I don’t get soccer. Soccer wasn’t a sport anyone I knew talked about or played in high school, and I don’t have any kids and therefore have never sat at a soccer tournament all day. I’ve met plenty of parents who do, and I see them at the bar trying to get a few drinks under their belts before going back to the game. Many claim they can’t get through a tournament without a thermos of bloody marys. And I can appreciate the athletic ability needed to play soccer, but as a newbie trying to watch it and understand anything I’m seeing….it’s a process, and not one I’m sure I want to keeping trying.
For instance- the continuous clock. Football, baseball, even NASCAR are constantly interrupted by commercials. It’s nice that soccer’s never interrupted by the Geico geckco, but at least I understand that 15 minutes can save me 15 percent or more on car insurance. I’m befuddled by watching the clock tick up to the 90 minute mark, only to have extra time put on the clock for mysterious “injury time”. If the clock needs to stop a few times so some poor guy who rolled his ankle can hobble off the field, stop it then! Why have the referees keep count, then put it back at the end? We heard yesterday that while 5 minutes was put on the clock, someone with way too much time on their hands determined only 4 and a half minutes was spent on injures.
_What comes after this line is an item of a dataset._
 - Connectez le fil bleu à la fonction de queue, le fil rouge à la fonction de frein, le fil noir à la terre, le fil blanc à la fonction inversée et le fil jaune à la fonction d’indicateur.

Since Portugal tied the match/game ?? in the last 30 seconds, that’s a tough way to lose.
I’ve tried to think of ways they could make soccer more interesting to me. Making the field smaller seems to be a logical first step. I mean, I’ve seen golf courses that are smaller than a soccer field. That’s a lot of running for 4 goals total. Or maybe have shirtless players. Much like I lament that Tom Brady has to wear a helmet, and thus cover one of his best assets, soccer players are ripped. Take off those shirts so I can see your six pack! That might mean I don’t need a six pack to get through a soccer game. I know I talk a lot about Speedos and how no man should wear them, but I may be reconsidering after seeing Christiano Ronaldo. Hubba hubba.
What’s my point here? I have enough pride in my country that I want Team USA to win, and it’s fun to watch the game when it’s a big party and everyone’s got their red, white and blue on. USA! USA! But I’ll just have fun, pretend to know what I’m watching, and as soon as Team USA ends their World Cup run I’ll put away my American flags and go back to watching sports I do understand. Although someone still needs to explain the infield fly rule to me.